Start of Block

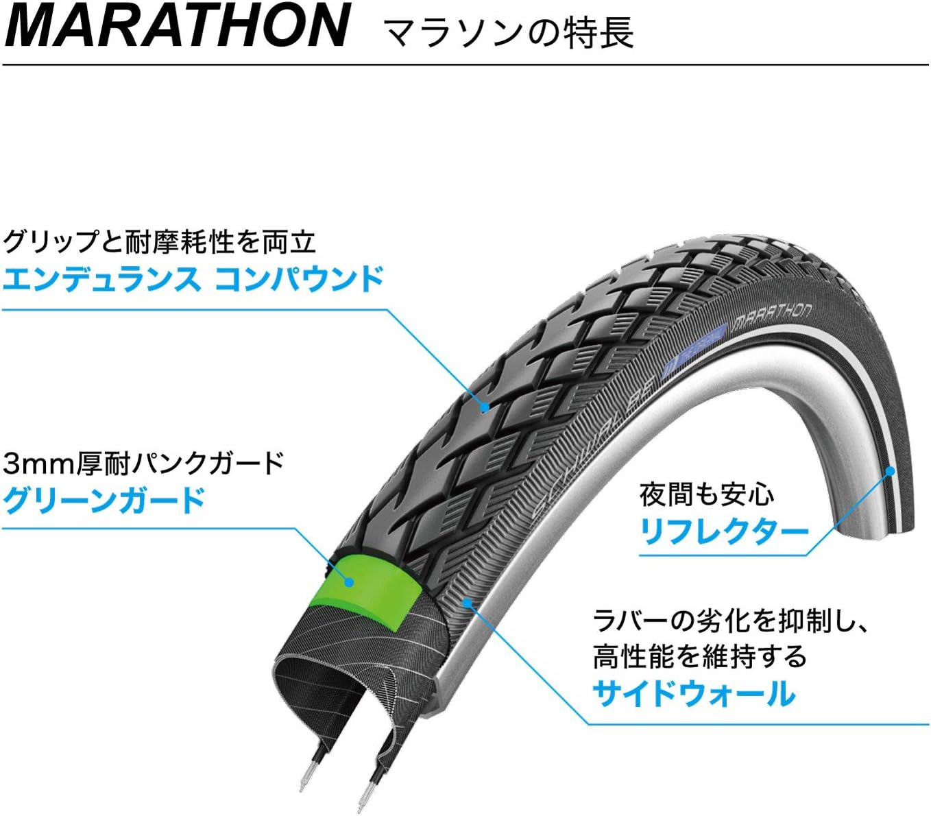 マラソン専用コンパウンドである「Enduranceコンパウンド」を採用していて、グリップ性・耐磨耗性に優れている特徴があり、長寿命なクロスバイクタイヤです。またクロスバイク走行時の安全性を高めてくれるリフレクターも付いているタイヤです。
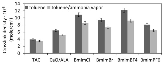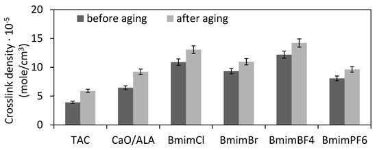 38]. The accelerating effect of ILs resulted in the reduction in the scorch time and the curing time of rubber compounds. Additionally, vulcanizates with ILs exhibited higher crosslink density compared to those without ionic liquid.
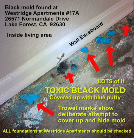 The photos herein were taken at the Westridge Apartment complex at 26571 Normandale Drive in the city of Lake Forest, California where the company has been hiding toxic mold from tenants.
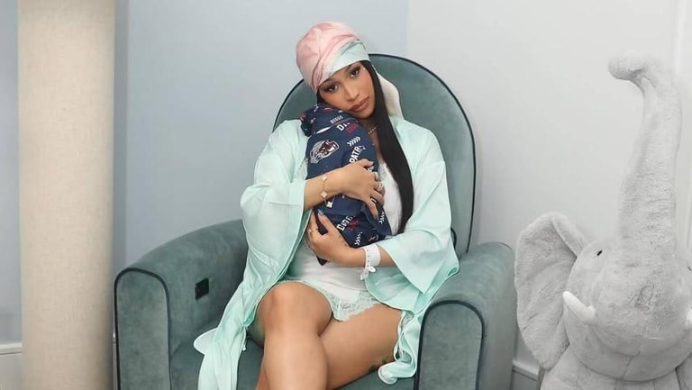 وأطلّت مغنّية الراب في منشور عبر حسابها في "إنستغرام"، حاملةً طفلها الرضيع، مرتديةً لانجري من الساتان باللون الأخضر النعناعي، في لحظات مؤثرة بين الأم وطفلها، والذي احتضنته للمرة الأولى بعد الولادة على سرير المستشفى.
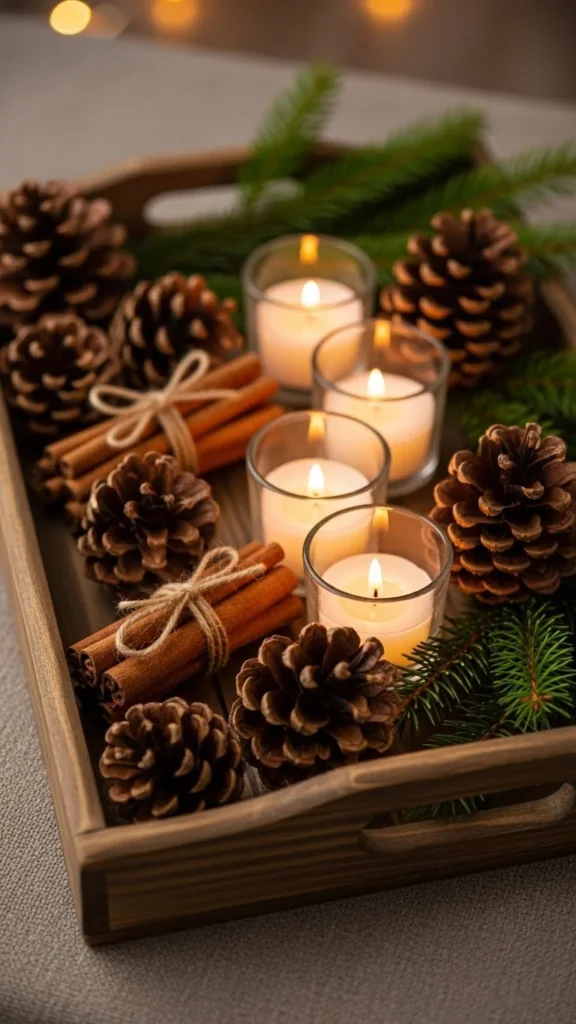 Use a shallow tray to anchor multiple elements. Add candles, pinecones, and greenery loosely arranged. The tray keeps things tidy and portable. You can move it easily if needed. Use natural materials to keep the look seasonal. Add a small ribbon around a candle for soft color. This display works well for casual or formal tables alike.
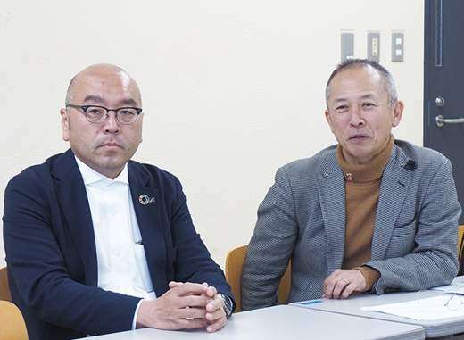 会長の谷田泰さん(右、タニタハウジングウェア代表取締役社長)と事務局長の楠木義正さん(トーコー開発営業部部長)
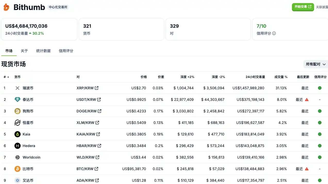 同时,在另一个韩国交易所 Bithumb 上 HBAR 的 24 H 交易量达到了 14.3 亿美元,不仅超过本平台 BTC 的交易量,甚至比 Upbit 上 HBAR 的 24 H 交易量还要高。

End of Block

Where a picture appears in the records above, omit it, and transcribe exactly the stretch of lines from the one with "38]. The accelerating" through the one with "会長の谷田泰さん(右、タニタ".

 38]. The accelerating effect of ILs resulted in the reduction in the scorch time and the curing time of rubber compounds. Additionally, vulcanizates with ILs exhibited higher crosslink density compared to those without ionic liquid.
 The photos herein were taken at the Westridge Apartment complex at 26571 Normandale Drive in the city of Lake Forest, California where the company has been hiding toxic mold from tenants.
 وأطلّت مغنّية الراب في منشور عبر حسابها في "إنستغرام"، حاملةً طفلها الرضيع، مرتديةً لانجري من الساتان باللون الأخضر النعناعي، في لحظات مؤثرة بين الأم وطفلها، والذي احتضنته للمرة الأولى بعد الولادة على سرير المستشفى.
 Use a shallow tray to anchor multiple elements. Add candles, pinecones, and greenery loosely arranged. The tray keeps things tidy and portable. You can move it easily if needed. Use natural materials to keep the look seasonal. Add a small ribbon around a candle for soft color. This display works well for casual or formal tables alike.
 会長の谷田泰さん(右、タニタハウジングウェア代表取締役社長)と事務局長の楠木義正さん(トーコー開発営業部部長)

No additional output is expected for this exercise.